La anexión de Austria a Alemania inquietó profundamente al presidente Roosevelt; presentía que muy pronto habría una nueva confrontación mundial, pero el congreso no le permitió inmiscuirse en los asuntos internacionales, y aprobó una serie de leyes de neutralidad, destinada a evitar la entrada de los Estados Unidos en otro conflicto mundial. En la ciudad de Nueva York, así como en el resto del país, la guerra en Europa no se veía como algo real, nadie le daba importancia. Rose Strasberg mantenía a Alice informada de lo que ocurría, pero ella dudaba de todo lo que oía. Aún guardaba un lugar en su corazón para su amado Führer. El gobierno de Roosevelt, que acababa de ser reelegido, tenía otros problemas que encarar, como el enfrentamiento con los empresarios, que consideraban que el estado estaba interviniendo demasiado en asuntos de la economía privada. Los sindicatos habían sido reconocidos oficialmente el año anterior y recibían amplio respaldo federal.

Mientras tanto, Hitler había logrado en Alemania la política de pleno empleo de la que tanto había hablado en sus discursos. La industria del acero generó gran cantidad de puestos de trabajo debido al rearme. Hitler violaba así los acuerdos firmados en el Tratado de Versalles. Los aviones se fabricaban por miles, también barcos, submarinos y en especial, tanques. Unos pequeños coches llamados
Volkswagen
o «coches del pueblo», cuyo diseño el Führer encargó a Ferdinand Porsche, empezaron a circular por las calles de las ciudades alemanas; Hitler cumplía con sus promesas: había trabajo y un nivel de vida decente. Pero lo más importante que ocurrió aquel año en la vida de Adolf Hitler, fue tener a Austria en su poder. La ansiada Lanza de Longino que tantas veces había observado extasiado en el Museo de los Habsburgo, al fin pudo ser suya. Apenas entraron las tropas a Viena, Adolf se dirigió al museo y se encerró allí durante cuarenta y ocho horas. En octubre de ese mismo año, la sagrada Lanza fue trasladada junto a todos los tesoros de la Casa de los Habsburgo a un depósito antibombas en Nuremberg. Supo que sería invencible y que de ahí en adelante cualquier decisión que tomase, daría los resultados correctos.

Aunque a Hitler le desagradaba la idea de aliarse con la Unión Soviética, sabía que para llevar a cabo sus planes era necesario hacerlo.
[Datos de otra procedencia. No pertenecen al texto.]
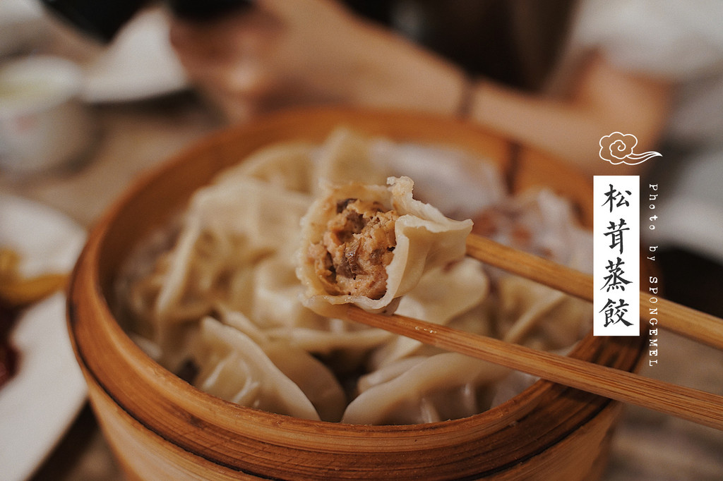 大半天的旅程早已饥肠辘辘,幸好提前点了一屉松茸蒸饺,聊以慰藉等待菌汤倒数时的望眼欲穿。个头有点大的蒸饺包裹着饱满的内馅,馅料中可以明显地看到一小块一小块的松茸。与肉香混合后的松茸香气毫不突兀,但毫不掩饰存在感,淡淡地为原本单调的肉馅增加了一丝不同寻常的清香。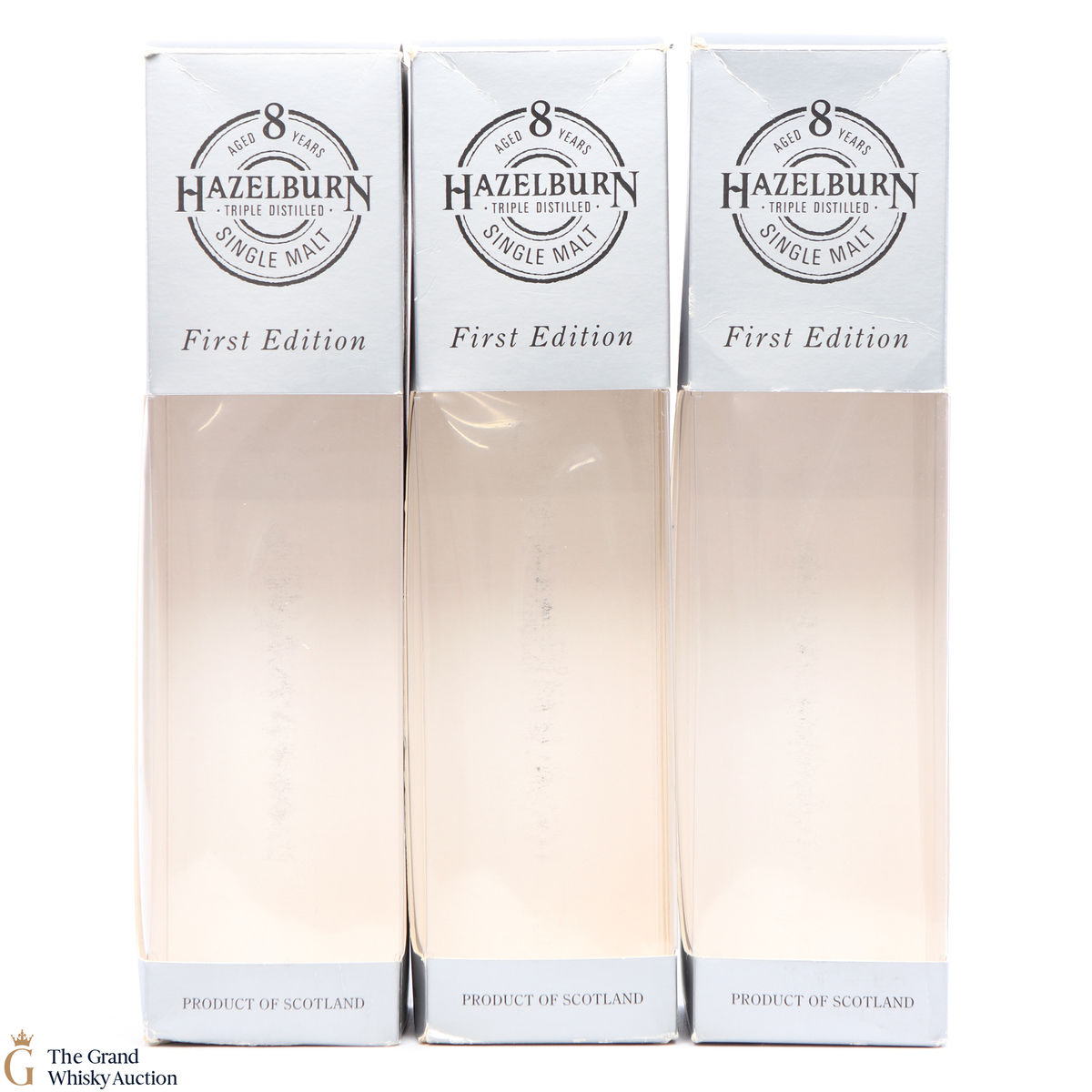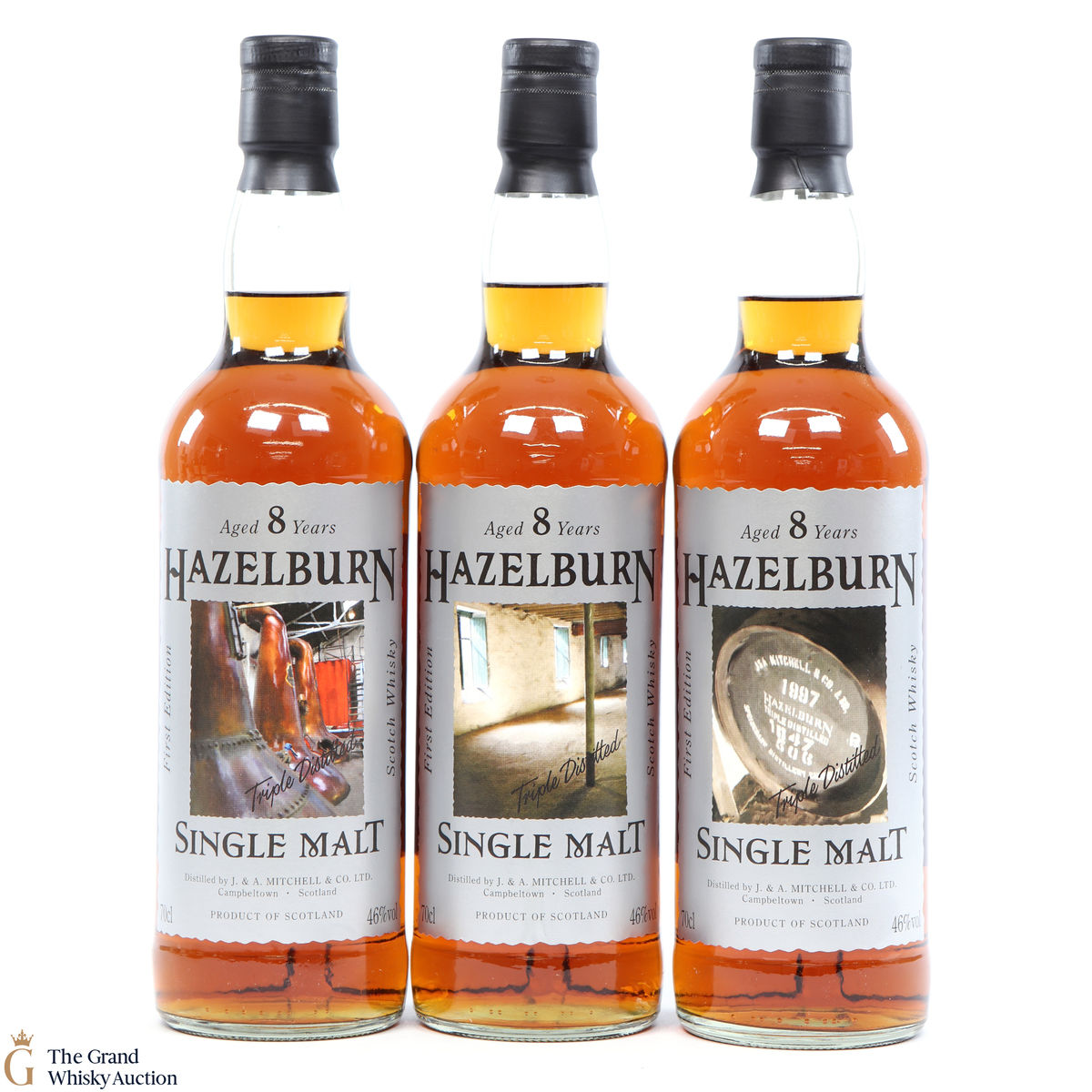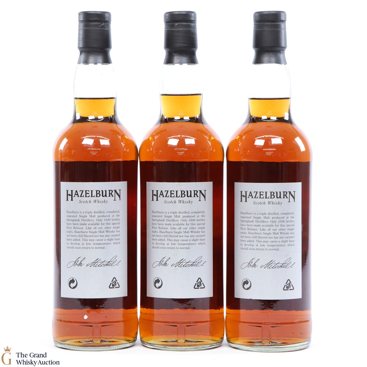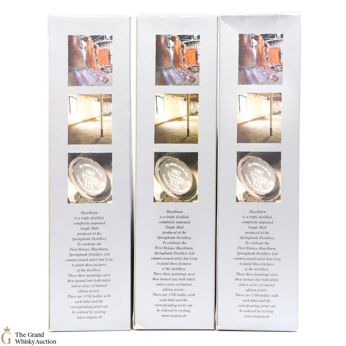 This lot has 3 x 70cl bottles of Hazelburn which is a triple distilled, completley unpeated single malt produced at Campeltown's Springbank Distillery. To celebrate the First Release Hazelburn, Springbank Distillers Ltd commissioned artist Ian Gray to paint 3 pictures of the distillery. These 3 paintings were then turned into both labels and a series of limited edition prints.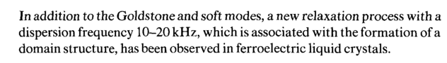 In addition to the Goldstone and soft modes, a new relaxation process with a dispersion frequency 10-20 kHz, which is associated with the formation of a domain structure, has been observed in ferroelectric liquid crystals.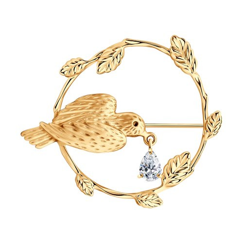 Птичка на броши из матового металла. Смотрится дешево, как бижутерия.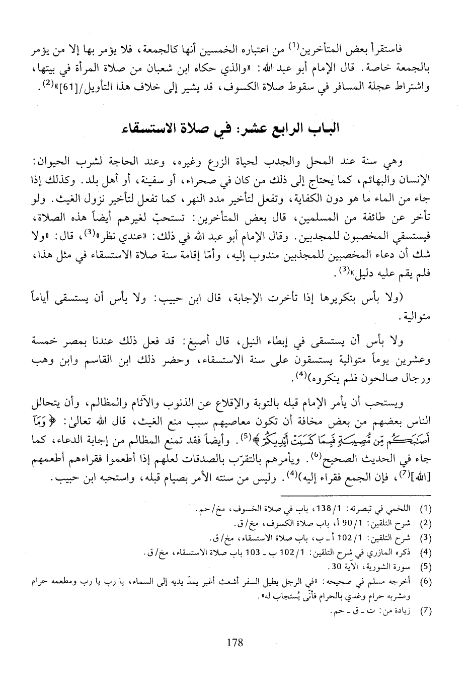 وهي سنة عند المحل والجدب لحياة الزرع وغيره، وعند الحاجة لشرب الحيوان: الإنسان والبهائم، كما يحتاج إلى ذلك من كان في صحراء، أو سفينة، أو أهل بلد. وكذلك إذا جاء من الماء ما هو دون الكفاية، وتفعل لتأخير مدد النهر، كما تفعل لتأخير نزول الغيث. ولو تأخر عن طائفة من المسلمين، قال بعض المتأخرين: تستحب لغيرهم أيضا هذه الصلاة، فيستسقي المخصبون للمجدبين. وقال الإمام أبو عبد الله في ذلك: " عندي نظر "، قال: " ولا شك أن دعاء المخصبين للمجذبين مندوب إليه، وأما إقامة سنة صلاة الاستسقاء في مثل هذا، فلم يقم عليه دليل ".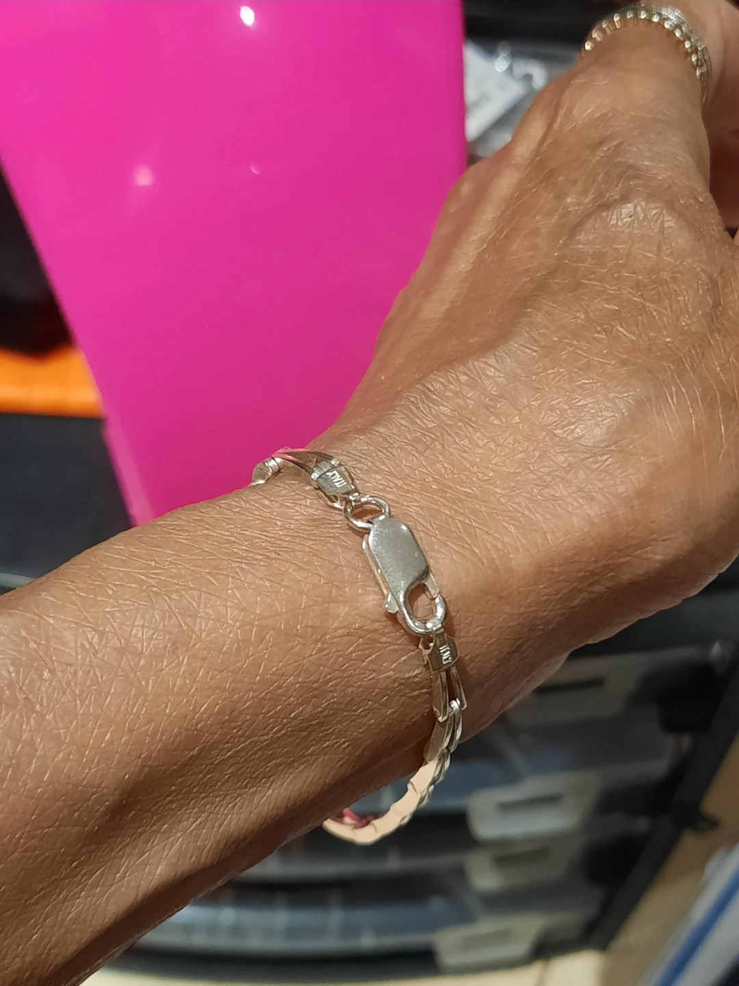 Chunky and Hefty, but still comfy. 7 25" authentic genuine solid sterling silver. Huge lobster claw clasp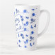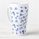 White latte mug with all around blue pattern of knitting needles, balls of yarn and cats pulling yarn. The sample text reads, “I’ll stop knitting after they row”, she lies to herself. Lots of fun knitting sayings can be found online so add your favorite to the space. If you need help fitting the wording e-mail me, or use the “customize further”. Choose either the small or tall latte mugs.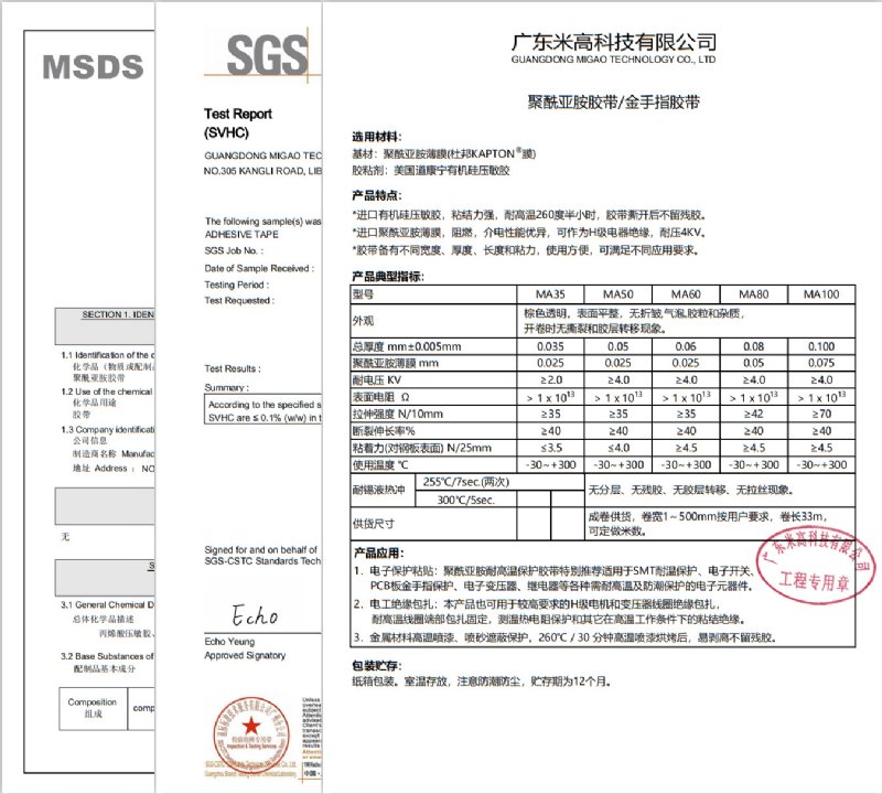 米高科技在上世纪90年代初就自主研发、生产:聚酰亚胺PI胶带、PET

Después rompería cualquier trato hecho con Stalin. A él, lo que en realidad le preocupaba era que Inglaterra se mostrase tan reacia a unírsele. Si el asunto seguía así, se vería obligado a atacar Inglaterra. Pensativo, frente al inmenso escritorio que tenía delante, cavilaba sobre cuál sería la mejor manera de atacar Polonia, el primer país que sufriría todo el poder de su ejército. Deseaba imponer el terror, enviaría nubes de aviones con bombas hacia Varsovia, que oscurecieran el cielo, que demolieran la ciudad. Tal vez aquella sería la manera de intimidar a Inglaterra y hacerla su aliada. Fue interrumpido en ese momento por Eva.

—Adolf, prometiste que hoy iríamos a Berchtesgaden, ¿lo recuerdas?

—Sí, Eva. Pero sabes que no me gusta que irrumpas así en mi oficina —contestó Hitler, con fastidio.

—No te gusta que irrumpa en ningún lugar donde estés tú. Te molesta que te vean conmigo... ¿no es así?

—No es eso, es sólo que estoy muy ocupado.

—Parece que en el único lugar donde estás contento conmigo es en la cama —se quejó Eva con acritud.

—¿Lo crees realmente? —preguntó Hitler.

—Creo que es así.

—No estés tan segura —repuso él con mordacidad.

—Sé que estás detrás de la hija del fotógrafo. Es una mujerzuela.

—No empieces con tus celos, Eva —dijo Hitler, con aspereza—. Ve a casa y espérame. Esta noche partiremos para Berchtesgaden. Pasaremos allá el fin de semana, además, espero a los Goebbels, llevarán a los niños. Heinrich Hoffman también estará allí —dijo con una sonrisa, refiriéndose a su fotógrafo oficial.

—Martha Goebbels. ¡Otra a quien no le importa engañar a su marido! —Replicó indignada Eva— ¿Es que no te soy suficiente acaso? ¿Qué puedes ver en esa mujer?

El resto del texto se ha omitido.